Media

Telling the Story of Agriculture: Making an Impact Through Media & PR

March 5, 2026|1:00 PM GMT|Past event

UK farmers face a pivotal moment in early 2026 as public trust in British agriculture reaches record highs amid ongoing policy upheavals and cashflow pressures that threaten farm viability.

Key takeaways

  • Public positivity towards UK farming surged to 71% in 2025, the highest in seven years, with 77% viewing farmers as trustworthy, driven by greater consumer interest in food production and social media engagement.
  • Inheritance tax changes set for April 2026 have sparked widespread protests and fears of a cashflow crisis, with many farmers questioning long-term survival despite government adjustments following demonstrations.
  • Effective media and PR strategies have become essential for the sector to capitalise on rising public support while countering policy uncertainties, environmental scrutiny, and the need to communicate sustainability and innovation transparently.

Agriculture's Narrative Shift

In late 2025, consumer sentiment towards British agriculture climbed to unprecedented levels, with 71% of UK consumers expressing positivity—a marked increase from 67% in 2024 and the peak since tracking started in 2019. Trust in farmers stands at 77%, ranking second only to doctors among professions. This shift stems partly from heightened interest in food origins, especially among younger demographics, and the growing role of social media in delivering relatable, farmer-led stories that bypass traditional outlets.

Yet this goodwill arrives against a backdrop of acute pressures. The Labour government's 2024 budget introduced inheritance tax reforms, applying a 20% rate to agricultural assets over £1 million from April 2026, prompting months of protests involving tractors in Westminster and warnings from the National Farmers' Union (NFU) of a severe cashflow crisis. Many farmers expressed doubts about enduring into 2026, citing volatile weather, input costs, labour shortages, and policy flux post-Brexit. Although the government softened some elements after sustained action, uncertainty lingers, amplified by broader challenges like climate variability and potential reductions in environmental scheme funding.

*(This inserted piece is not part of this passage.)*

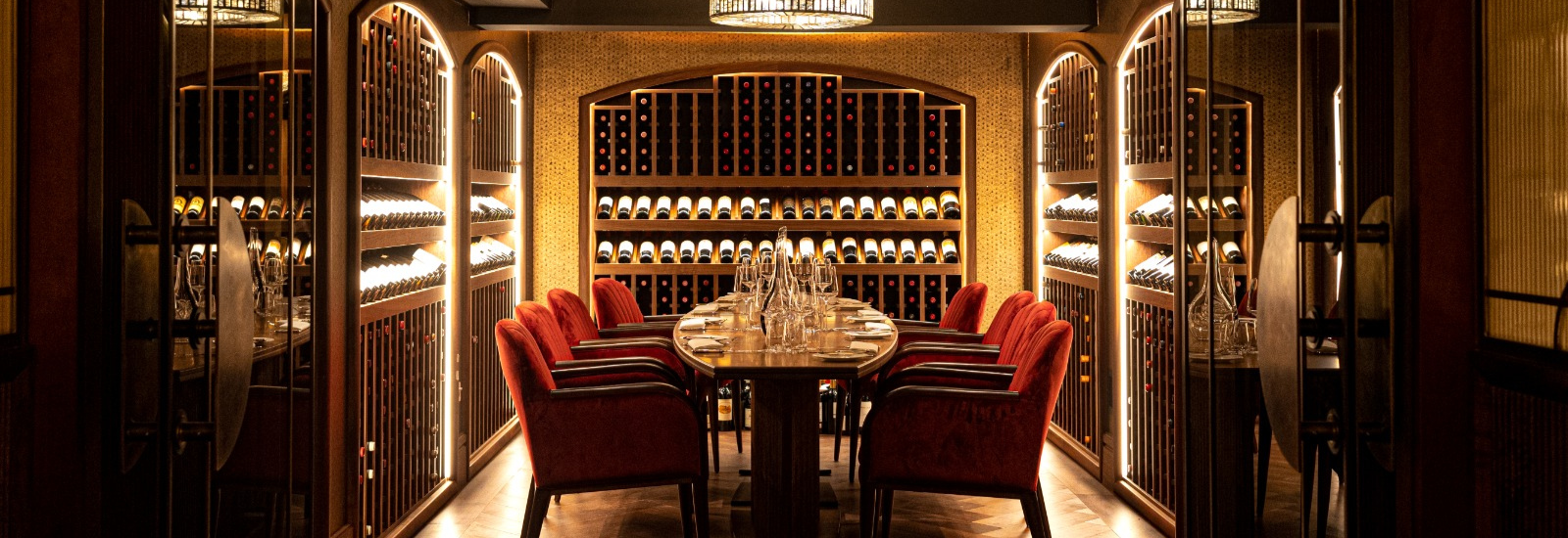Enter our Wine Room, a luxurious space featuring a stunning golden cellar, where rare and exclusive wine bottles line the walls. With seating for up to eight guests, this intimate setting promises an unforgettable experience. A carefully curated wine menu, tailored to your preferences, complements iconic dishes such as our signature Beef Wellington.

The sector also grapples with a 'BANI' world—brittle, anxious, non-linear, and incomprehensible—as described in the 2026 Oxford Farming Conference report, where shocks from geopolitics, trade, and weather compound instability. Public support offers leverage, but a quarter of consumers still feel poorly informed, often due to contradictory messages or inaccessible sources. This creates tension: while mainstream coverage sometimes amplifies crises or protests, farmer-driven digital channels enable direct, authentic outreach.

Non-obvious angles include the trade-off between maintaining high public approval and navigating regulatory demands for sustainability, where intensive practices face criticism yet remain vital for productivity. Social media's rise allows rapid narrative control but risks misinformation if not managed strategically. For agri-tech innovators and producers, clear communication bridges consumer expectations for ethical, transparent food systems with on-farm realities of economic survival.